Even though you're offering this for free to learn, I believe in fair exchange. If you help me find first users, I'll make sure you're compensated — either with a commission or a one-time payment.
Let me know if that works for you.
I'll DM you the details.
Can I get an amen?!!? Close colleagues and I have repeatedly built the coolest most unmarketable things. I know better now, but this should be a prerequisite before the first line of code.
This is a valuable skill to build. A lot of founders are good at making things, but much fewer are good at getting close to the problem early enough to avoid building in the dark. I like that you’re focusing on discovery, messaging, and real conversations instead of just more output. That can save people a huge amount of wasted time.
This is really cool of you to offer. I am building a custom procurement platform for mid-market companies and struggling to get conversations started with Controllers and VPs of Finance through cold outreach alone. Just sent you an email. Would love to connect.

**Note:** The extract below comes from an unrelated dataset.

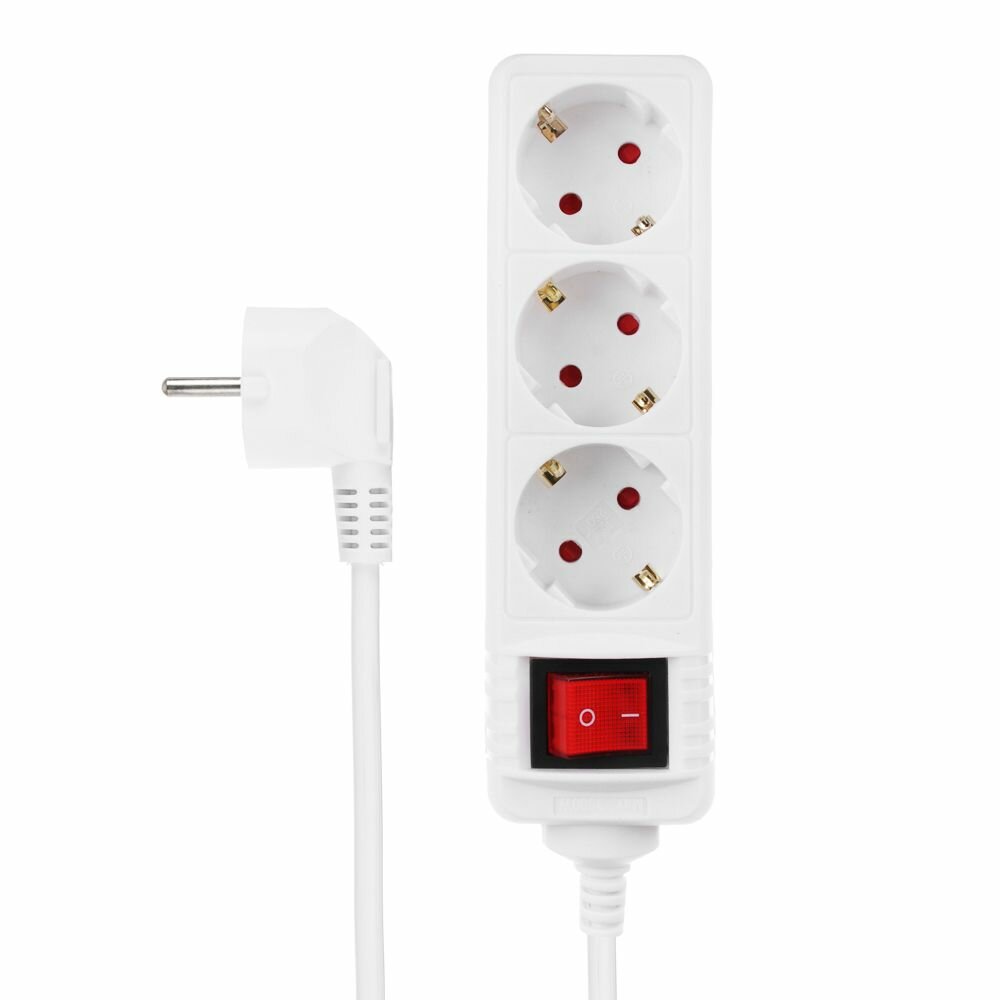 FORZA Удлинитель 3 гнезда, 2м, с зазем и выкл., евро, с защит. шторками, 16A 3500Вт

This is a smart approach — learning customer discovery by actually doing it.
I'm building TempQR, a tool for freelancers to share client work without worrying about old links staying active. 12,000+ links created so far, but I'm still looking for early users to test and give feedback.
If you're interested, I'd love to collaborate. Happy to share more.
I'll DM you
This sounds really interesting—especially the focus on real conversations and avoiding the usual “build in the dark” trap.

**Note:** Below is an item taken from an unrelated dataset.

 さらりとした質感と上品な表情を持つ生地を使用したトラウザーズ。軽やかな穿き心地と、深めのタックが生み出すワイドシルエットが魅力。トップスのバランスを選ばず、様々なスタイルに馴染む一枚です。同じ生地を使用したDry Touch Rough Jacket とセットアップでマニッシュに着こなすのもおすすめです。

Just sent you an email with some details about what I’m building. Looking forward to connecting 👍
Love the initiative! Just dropped you an email from Nexore. I think what I’m building fits perfectly with your goal of turning 'cool' projects into 'useful' ones. Looking forward to connecting!

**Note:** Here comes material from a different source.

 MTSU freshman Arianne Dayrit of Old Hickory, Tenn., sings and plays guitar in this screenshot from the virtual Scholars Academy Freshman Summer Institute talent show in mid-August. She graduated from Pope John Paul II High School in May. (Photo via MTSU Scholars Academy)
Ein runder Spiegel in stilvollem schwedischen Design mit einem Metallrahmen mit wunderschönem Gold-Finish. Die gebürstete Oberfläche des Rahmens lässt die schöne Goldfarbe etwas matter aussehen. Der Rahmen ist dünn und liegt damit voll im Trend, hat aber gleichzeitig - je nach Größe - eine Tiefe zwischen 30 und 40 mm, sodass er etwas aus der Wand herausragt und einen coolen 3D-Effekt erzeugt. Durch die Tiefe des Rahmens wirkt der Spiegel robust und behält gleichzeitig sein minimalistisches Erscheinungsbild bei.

awesome! i don't think I received your email. can you try one more time? look forward to hearing from you.
Thank you, Robert.
I've just resent the email.
I've sent an email. Thanks for the offer, very interesting :)
LinkedIn add convert very poorly in my experience...lots of clicks little signup
same - really any ads feel like a waste of money so early on. shoot me an email using the address above & happy to chat through this more with you!
Start with LinkedIn, and you can try running ads too. It helps...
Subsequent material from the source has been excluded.